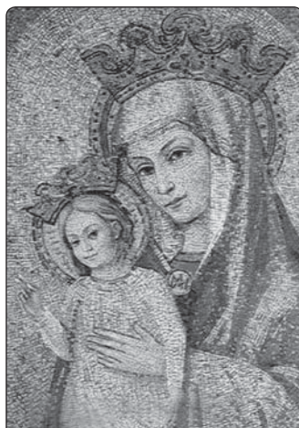
Mozaika Mater Ecclesiae

Papež dodal, že je třeba najít vhodné řešení zasazené do náměstí bohatého na velmi majestátní a sugestivní umění. Byl jsem pověřen, abych navázal kontakt s biskupem Giovannim Fallanim, který byl předsedou komise pro ochranu historických památek Svatého stolce, a Carlem Pietrangelim, ředitelem vatikánských muzeí. Pietrangeli byl nejdříve skeptický. Mons. Fallani sdělil, že před několika měsíci dostal návrh umístit mariánskou mozaiku do jed-
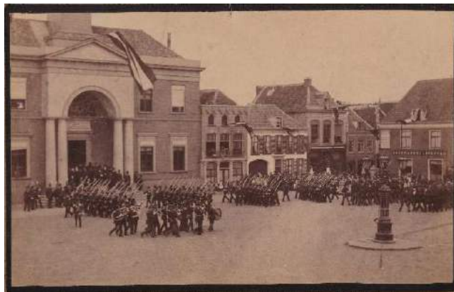
Defilé op de Markt.
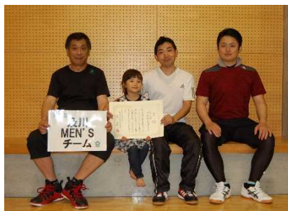
準優勝 及川men'sチーム
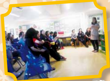
語常會 - 幼兒接觸英語案例研究
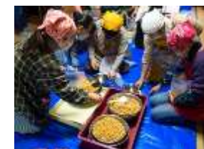
味噌づくりイベント
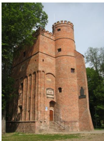
Rysunek 6. Baszta
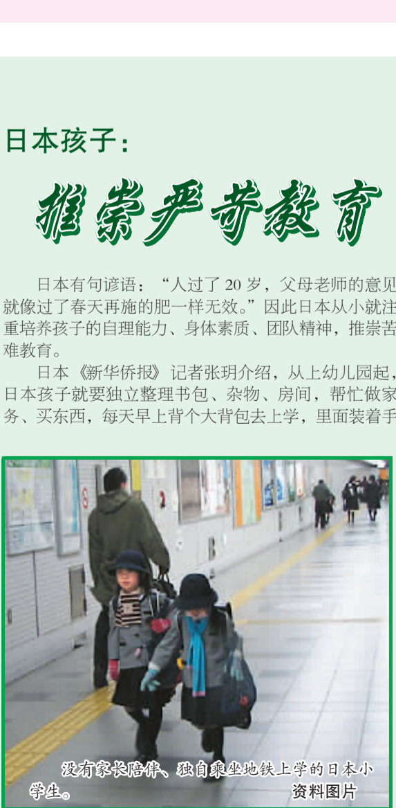
没有家长陪伴、独自乘坐地铁上学的日本小学生。

新西兰的公立中小学都是免费的，不过，每所学校从教育部获得的经费不一样，学生家庭收入越高的学校
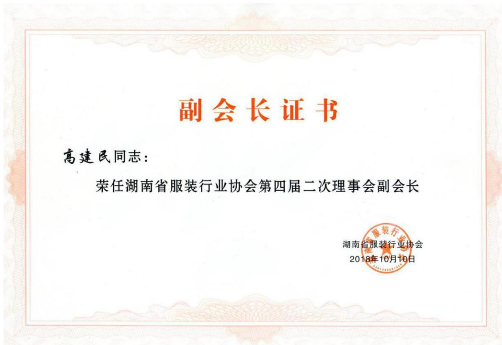
图4 湖南省服装行业协会副会长
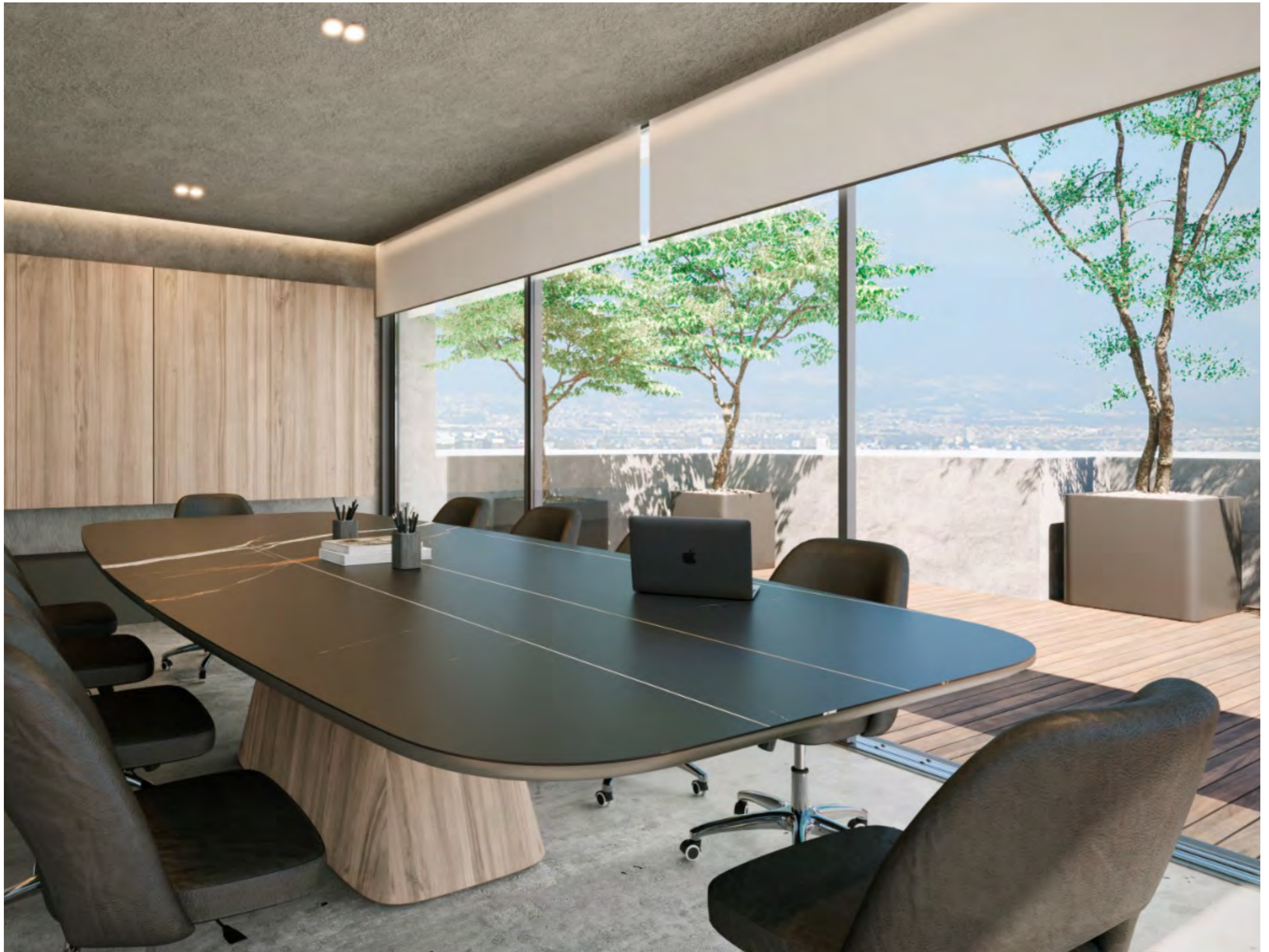
Sala de juntas en roof garden

-=-=-

> [About this exercise]
Without the pictures, return the whole of the data exactly as given.

> [Answer to this exercise]
Mozaika Mater Ecclesiae

Papež dodal, že je třeba najít vhodné řešení zasazené do náměstí bohatého na velmi majestátní a sugestivní umění. Byl jsem pověřen, abych navázal kontakt s biskupem Giovannim Fallanim, který byl předsedou komise pro ochranu historických památek Svatého stolce, a Carlem Pietrangelim, ředitelem vatikánských muzeí. Pietrangeli byl nejdříve skeptický. Mons. Fallani sdělil, že před několika měsíci dostal návrh umístit mariánskou mozaiku do jed-
Defilé op de Markt.
準優勝 及川men'sチーム
語常會 - 幼兒接觸英語案例研究
味噌づくりイベント
Rysunek 6. Baszta
没有家长陪伴、独自乘坐地铁上学的日本小学生。

新西兰的公立中小学都是免费的，不过，每所学校从教育部获得的经费不一样，学生家庭收入越高的学校
图4 湖南省服装行业协会副会长
Sala de juntas en roof garden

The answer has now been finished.